As such, for Islamic crowdfunding platforms, having a Shariah supervisory board is not a requirement, but what is required is a Shariah Advisor who could be an individual or a firm. They do not support the idea of having formal Shariah supervisory boards. They also believe that if all of the Shariah internal control functions are forced to be implemented by the crowdfunding service provider, this will be a business continuity or sustainability challenge for them, which could lead to an uneven level playing field between Islamic and conventional crowdfunding services providers.
However, to ensure the adherence of Shariah compliance, they believe that with a prudential Shariah audit, a Shariah audit could be conducted periodically to ensure that there is no compromise in Shariah compliance. In short, since the crowdfunding service provider is a matchmaker that matches the financing needs of investors and projects, there is no point in requiring the platform service provider to adhere to Shariah governance standards that are followed by a financial institution.
On the other hand, others consider the strict adherence of Shariah standards by crowdfunding service providers necessary to ensure that there is no compromise on adherence to the Shariah requirements. Although this can negatively impact crowdfunding service providers’ operational costs and lead to an unequal match between conventional and Islamic crowdfunding service providers.
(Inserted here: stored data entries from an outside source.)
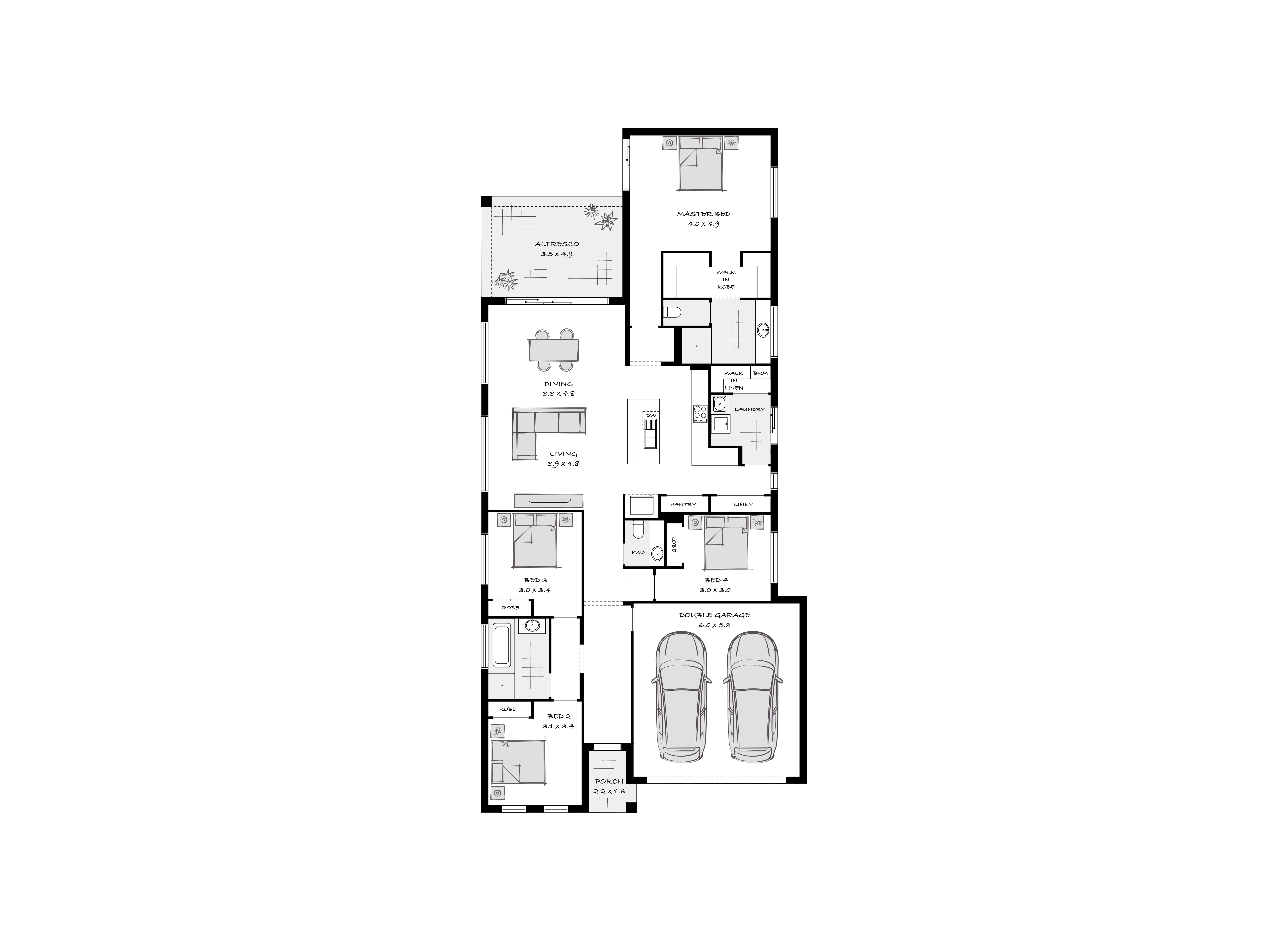 The floorplan represented in this house and land package is for illustration purposes only and should be used as a guide. Additional Mandatory National Construction Code 2022 (NCC 2022) amendments may be required to the plan to comply. Please speak to the Building Consultant for further information.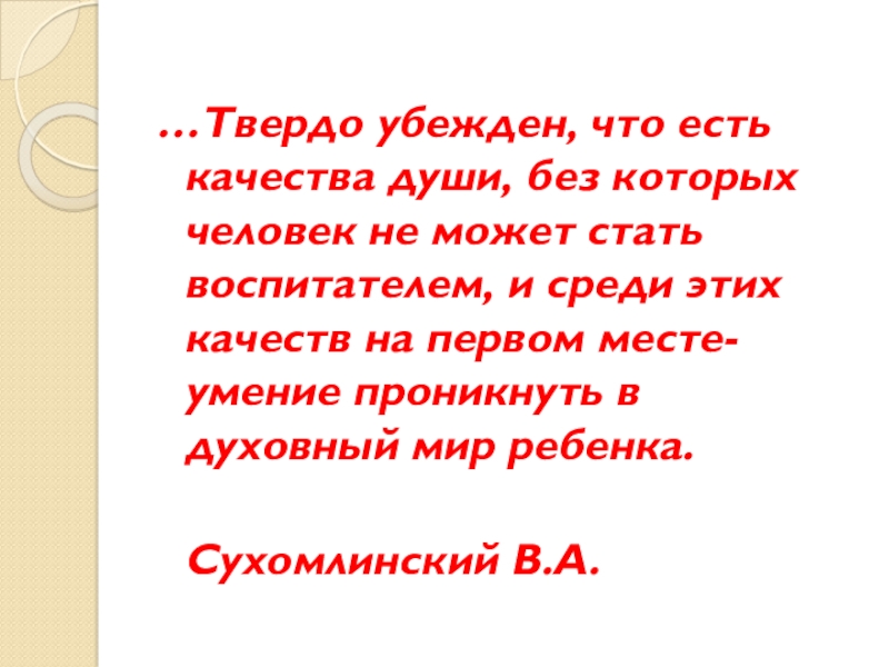 стать воспитателем, и среди этих качеств на первом месте- умение проникнуть в духовный мир ребенка.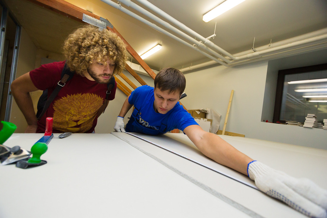 Так называемая "Академия" - это шоурум и центр, где можно испытать продукцию компании, а также научиться правильно ей пользоваться. Вот, кстати, все виды гипсокартона, которые они делают.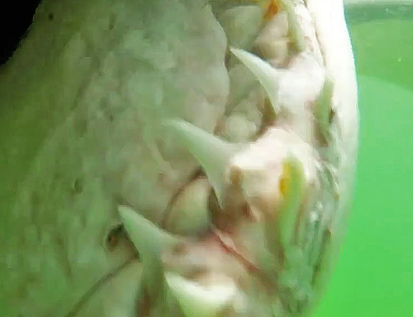 The video shows the shark’s teeth and even wrinkles on its tongue.
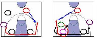 火箭隊而也有幾球則是如右上圖,綠色圓圈的Shane Battier,利用紫色圓圈的Luther Head如黑色箭頭所指走位做深切為晃子;然後實際是如右上圖的紅色箭頭所指,用單邊堆砌(stack)的捲曲切(curl cut),最後如藍色箭頭所指,接紅色圓圈Alston的傳球而攻擊。這個戰術還衍生出在低位做空手和空手掩護(off ball screen),那個粉紅色圓圈的姚明,藉由Battier的切出掩護,如黑色箭頭所指切出接Battier的傳球攻擊。這個戰術,今天也出現另一種姚明和Battier的2人組合(two man game);以Battier的3分線能力,後續各隊恐怕有苦頭吃。

For them, the idea is to ensure that proper internal and external Shariah governance and controls are put in place so that there will be no room for Shariah non-compliance to occur. So even if the crowdfunding service provider is merely a matchmaker, they need to ensure that shariah compliance is achieved in all the projects which are listed on the platform. For some practitioners, this view is considered too theoretical.
Conclusion
To conclude, crowdfunding is an innovative and potential approach to fulfil the financing requirements for startups and those unable to access finance using classical means. Shariah compliance ought to be adhered to in all stages of it. Islamic crowdfunding is an emerging area that is gaining attention the world over.
However, for its sustainable development, it is imperative to develop a suitable Shariah governance framework. Ethis is an example of an Islamic crowdfunding platform that has been following the legal structure according to the Shariah rules. The contracts developed by Ethis are all Shariah-compliant. The documentation as well is prepared by lawyers who have significant experience in Shariah laws.